Nonetheless, a large number of high-tech workers in Israel are not among the lucky ones, and the distribution of wealth is unequal. The division, at most companies, is among management - a small number of employees - who hold about 25% of options; another 40-50 lower-ranking employees holding another 25%; another 200 holding the next 25%, and the remainder holding the last 25%.
These findings could be of great interest to wealth management firms that advise high-net-worth clients about investments and assets management.

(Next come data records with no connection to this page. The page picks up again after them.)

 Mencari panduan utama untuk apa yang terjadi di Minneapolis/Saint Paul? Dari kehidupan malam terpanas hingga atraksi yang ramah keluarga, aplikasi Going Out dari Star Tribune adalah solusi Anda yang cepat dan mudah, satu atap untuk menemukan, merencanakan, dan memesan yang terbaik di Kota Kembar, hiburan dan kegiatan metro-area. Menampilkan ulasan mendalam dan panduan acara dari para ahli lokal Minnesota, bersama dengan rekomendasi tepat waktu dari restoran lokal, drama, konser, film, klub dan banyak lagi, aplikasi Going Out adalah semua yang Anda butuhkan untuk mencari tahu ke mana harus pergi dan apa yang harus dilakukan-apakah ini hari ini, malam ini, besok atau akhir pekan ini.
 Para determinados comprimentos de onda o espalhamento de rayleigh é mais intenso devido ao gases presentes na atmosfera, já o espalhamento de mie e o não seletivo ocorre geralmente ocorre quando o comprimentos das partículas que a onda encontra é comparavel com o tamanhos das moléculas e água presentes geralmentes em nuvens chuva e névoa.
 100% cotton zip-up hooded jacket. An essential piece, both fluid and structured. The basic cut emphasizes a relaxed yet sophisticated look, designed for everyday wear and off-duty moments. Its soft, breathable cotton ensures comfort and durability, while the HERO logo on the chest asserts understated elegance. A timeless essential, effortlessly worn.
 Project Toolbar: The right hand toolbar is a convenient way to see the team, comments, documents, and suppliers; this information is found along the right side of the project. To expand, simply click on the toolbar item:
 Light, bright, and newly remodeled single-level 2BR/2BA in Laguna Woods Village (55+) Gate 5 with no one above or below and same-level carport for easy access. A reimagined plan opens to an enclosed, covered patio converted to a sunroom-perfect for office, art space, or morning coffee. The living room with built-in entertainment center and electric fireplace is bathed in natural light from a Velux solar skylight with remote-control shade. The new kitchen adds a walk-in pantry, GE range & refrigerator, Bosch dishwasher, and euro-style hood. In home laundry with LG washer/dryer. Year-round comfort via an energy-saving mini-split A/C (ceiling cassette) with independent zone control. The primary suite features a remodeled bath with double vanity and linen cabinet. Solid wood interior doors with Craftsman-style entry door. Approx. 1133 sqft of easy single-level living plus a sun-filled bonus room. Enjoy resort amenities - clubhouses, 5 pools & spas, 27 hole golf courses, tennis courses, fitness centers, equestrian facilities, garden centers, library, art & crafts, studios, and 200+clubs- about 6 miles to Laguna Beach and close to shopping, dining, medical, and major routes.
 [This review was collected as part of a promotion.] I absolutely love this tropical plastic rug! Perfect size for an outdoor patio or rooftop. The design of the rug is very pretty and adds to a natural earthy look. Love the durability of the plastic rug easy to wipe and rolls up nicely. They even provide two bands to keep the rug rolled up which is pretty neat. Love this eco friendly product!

This increase in wealth for such a large group also has implications about their purchasing power: the amount they will spend on buying apartments, cars and more, and may even affect the entire Israeli real estate market, which has recently experienced a wave of demand and price rises.
Leapfrogging 5-10 years
The same report shows that local high-tech industry growth has speeded up over the past 18 months. In ordinary times, this rate of progress might have taken 5-10 years, but has accelerated due to the pandemic. This too, had an effect on the value of options held by employees.
The study took into account several dozen prominent Israeli technology companies out of about 100 high-tech and life sciences companies traded on Wall Street, as well as 30-35 companies en route to Wall Street and another 40 unicorns (privately-held technology companies valued at over $1 billion).

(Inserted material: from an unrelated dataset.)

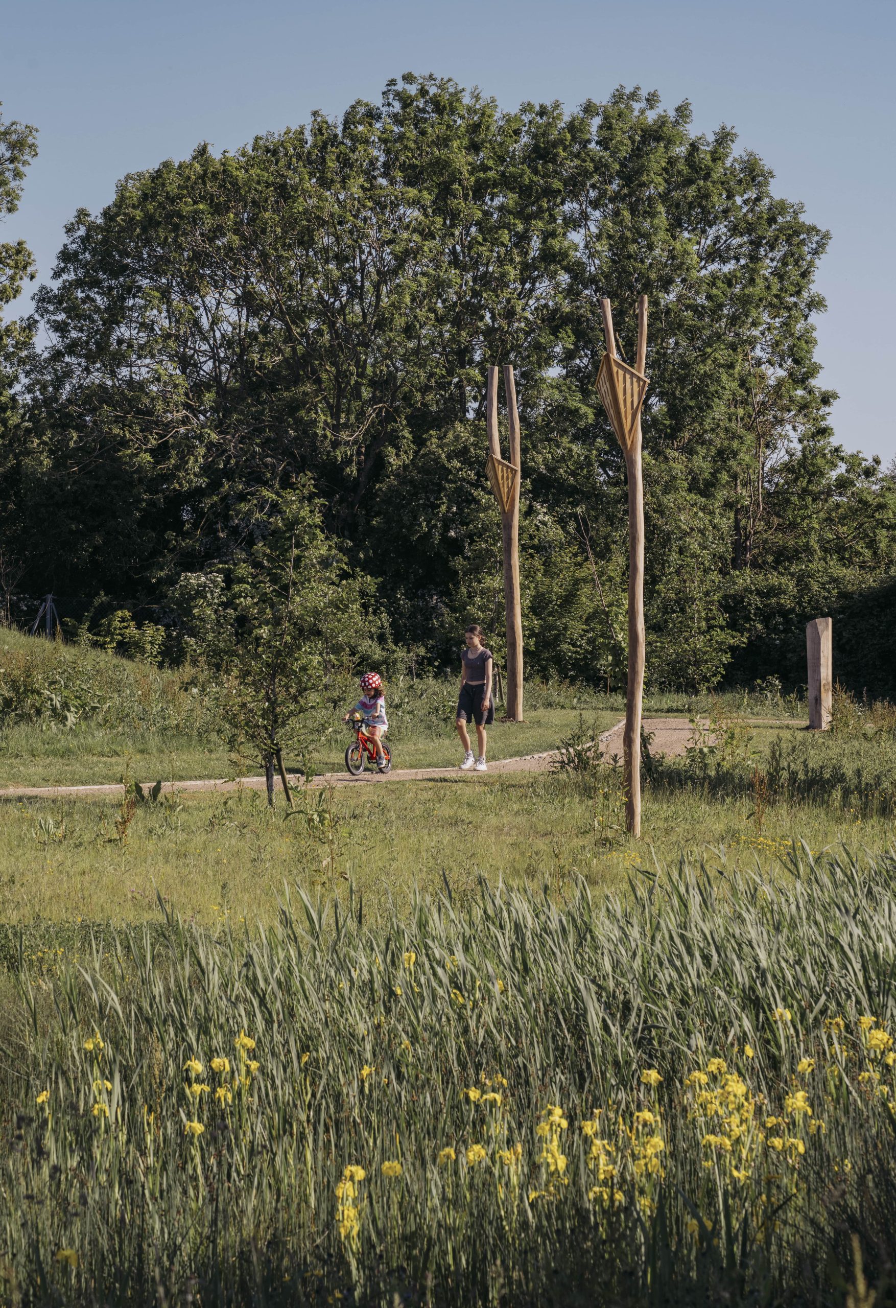 A series of site-specific artworks are now set within meadow planting, pre-existing mature trees, and a newly created pond, to help support biodiversity and reconnect – or deepen the relationship – between humanity and the local pockets of nature that surround them.

The analysis indicated that the aggregate market value for several dozen leading Israeli technology companies traded on Wall Street, has more than tripled since the Covid-19 outbreak low point, and now stands at over $200 billion. An increase of several tens of billions of dollars in their aggregate value is forecast for the end of 2021 (given the number of huge flotations planned, including the merger of eToro and Iron Source with SPAC companies traded on Wall Street, valued at about $10 billion each).

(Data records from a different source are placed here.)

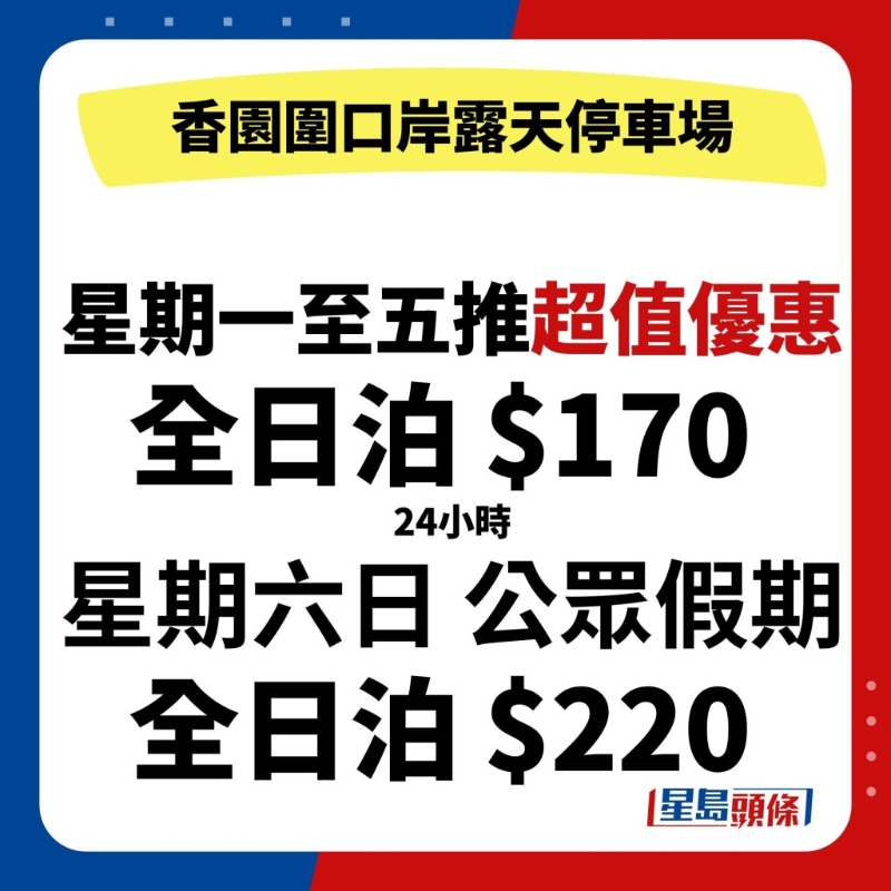 私家車(chē)日泊(任何24小時(shí))為$150;夜泊(晚上6時(shí)至翌日早上8時(shí))為$80;時(shí)租為$15。
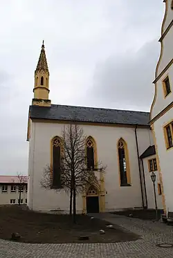 Die ehemalige Kirche des Klosters ist geostet. Sie ist einschiffig und hat als Saalkirche kein Querschiff.[17] Ein Walmdach mit einem aufgesetzten Dachreiter im Westen bedeckt das Langhaus. Der Verbindungsgang schließt sich im Süden an das Kirchengebäude an und teilt es in zwei Teile. Der größte Teil des Gebäudes wurde im Jahr 1606 fertiggestellt und ist deshalb der Spätgotik zuzuordnen. Lediglich die West- und die Südseite der Kirche wurden nach einem Brand im 19. Jahrhundert erneuert. Die Kirche ist der Heiligen Dreifaltigkeit und der Jungfrau Maria geweiht.[18]
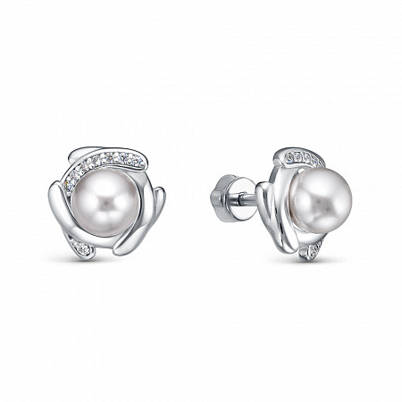 Серьги с иск.жемчугом родированные серебро 925*
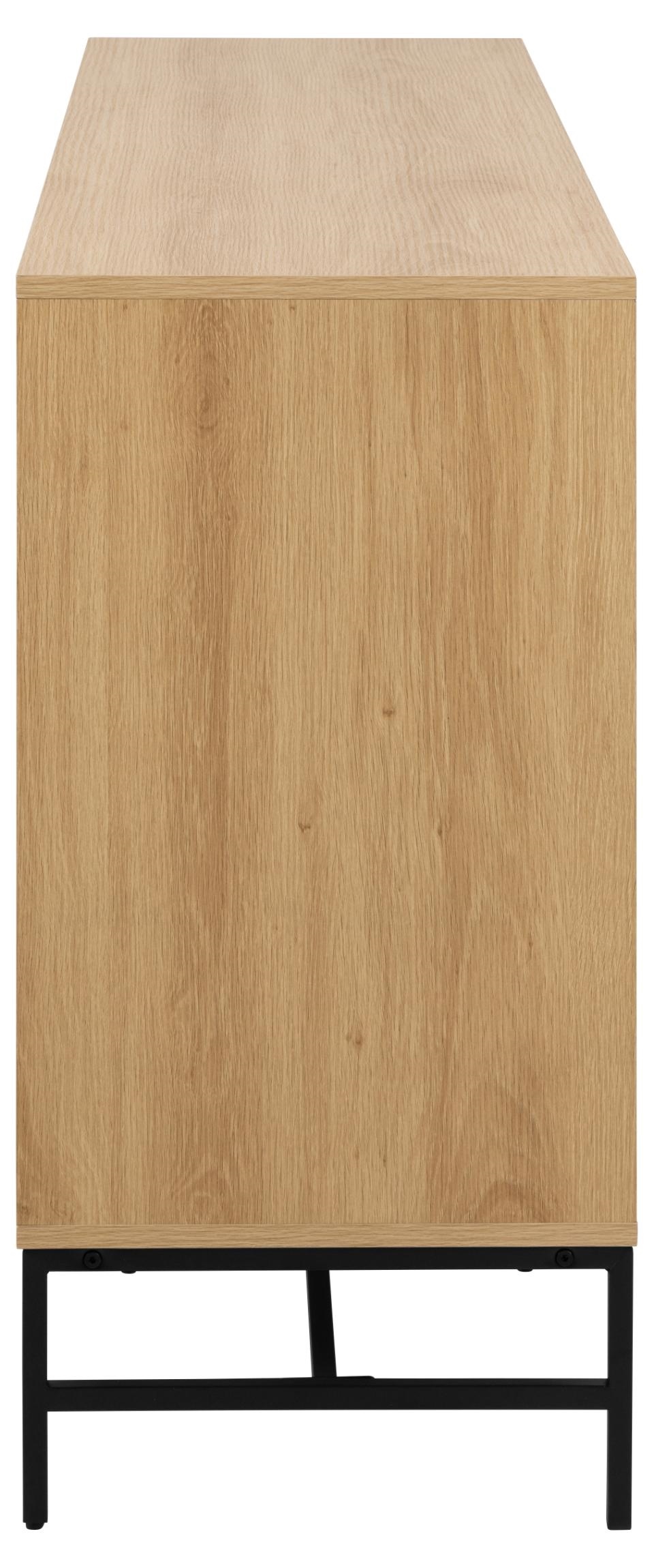 Komoda o dębowym wyglądzie z lamelowym frontem wie, jak przyciągnąć uwagę. Kontrastowy, dębowy wygląd uzupełniony czarnymi akcentami tworzy dobrze wyważony efekt wizualny. Dzięki 6 szufladom komoda oferuje dużo miejsca do przechowywania, a łatwa w pielęgnacji powierzchnia zwiększa jej praktyczność. Główne cechy: Komoda z szufladami z frontem lamelowym . Wyposażona w 6 szuflad zapewniających dużo miejsca do przechowywania. Łatwa w pielęgnacji powierzchnia o wyglądzie dębu. Geometryczna podstawa wykonana ze stali malowanej proszkowo na czarno. Certyfikat FSC . Zaprojektowany przez projektanta Lasse Cha Pedersena . Wysokość nóg: 18cm Wymaga montażu. Waga mebla: 55kg. Max. obciążenie: 25 kg Wymiary kartonów: 170x50x7cm 21kg, 90x49x13cm, 20kg, 85x50x13cm, 20kg
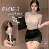 Uniforme Sexy, Falda Ajustada a la Cadera, Uniforme de Secretaria Sexy, Tentador Escote Profundo en V, Encaje que Expone el Busto, Juego de Roles de Deseo Puro Qqn
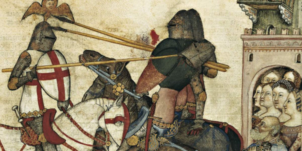 На знаменитом гобелене Байё, который иллюстрирует высадку войска Вильгельма Завоевателя в Англии в 1066 году, конники ещё воюют по-иному. Они наносят удар копьём, высоко поднимая его над головой.
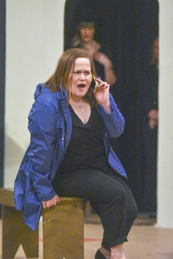 Megan Wiebersch, as Jean, answers the cell phone of the recently-deceased Gordon in “Dead Man’s Cell Phone,” the next production of the Hawkeye Community Theatre. The first show of the season opens on March 30 and runs through April 2.
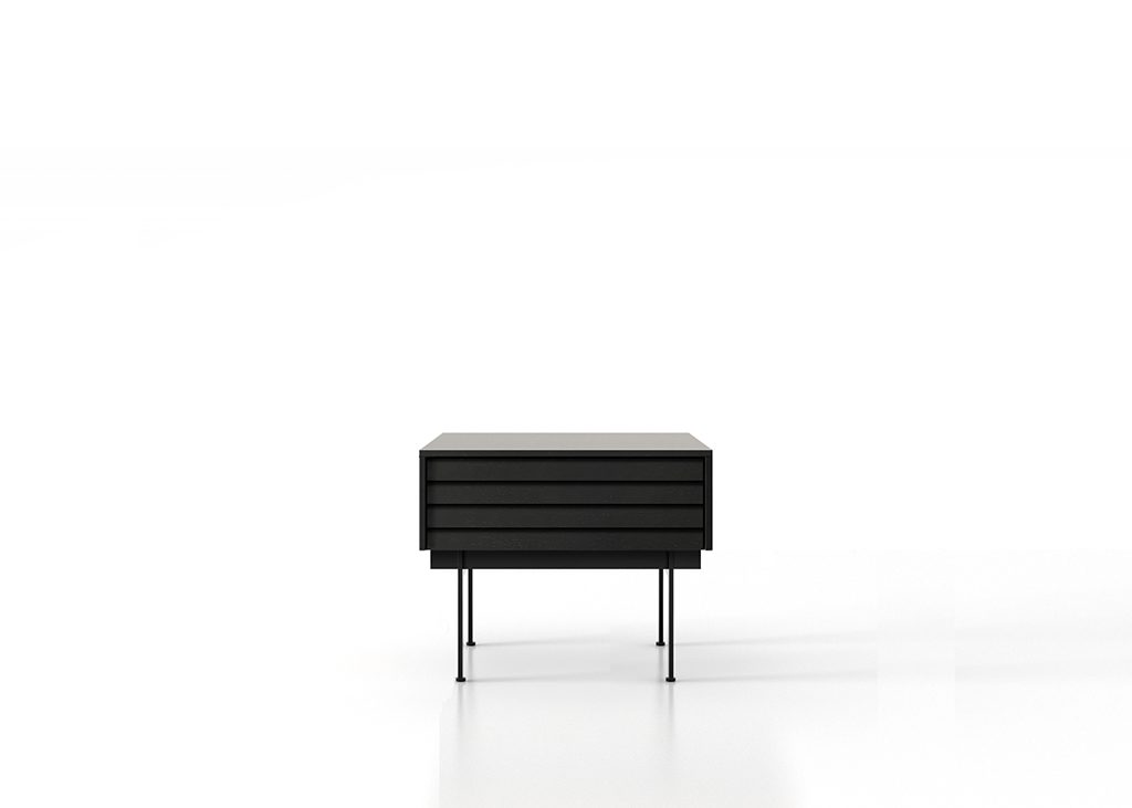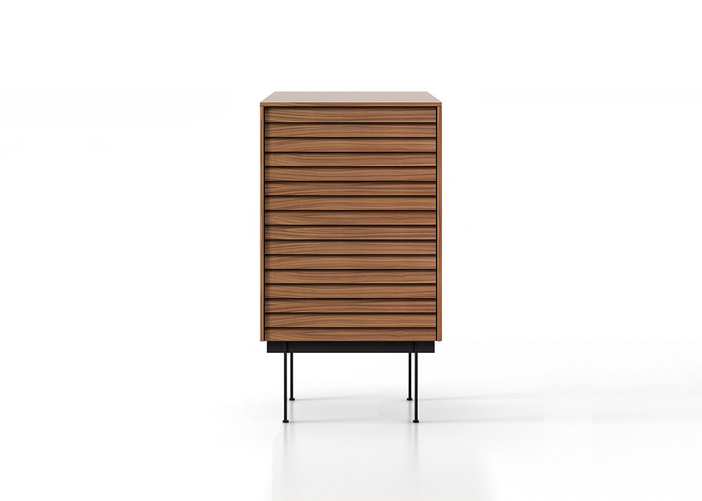 A collection of sideboards and TV benches with an exclusive design on the front consisting of horizontal bars hiding the composition besides serving as handles for doors and drawers. A piece of furniture resting on a plinth, on adjustable feet or hanging from optional wall-fixing devices. The door elements include a height-adjustable shelf.

Based on these findings, the accounting firm estimates that 8,000-12,000 Israeli high-tech employees are "top line" high-tech earners worth $1 million or more (in practice or on paper). Moreover, they estimate there is a large number of employees - up to 20,000 - who have also benefitted from a handsome if smaller increase (NIS 1 million and up) in the value of their options, in practice and on paper.
One-quarter of all industry benefits go to Wix
A recent Globes analysis found that the Israeli public company with the highest value-added benefit was cloud-based internet services company Wix, with over a quarter of the total benefits calculated for all employees at local Wall Street-traded technology companies. Wix, which employs about 2,300 people in Israel, had a very good year, business-wise, and its share has more than tripled from the March 2020 low, with a current market cap of $17.9 billion.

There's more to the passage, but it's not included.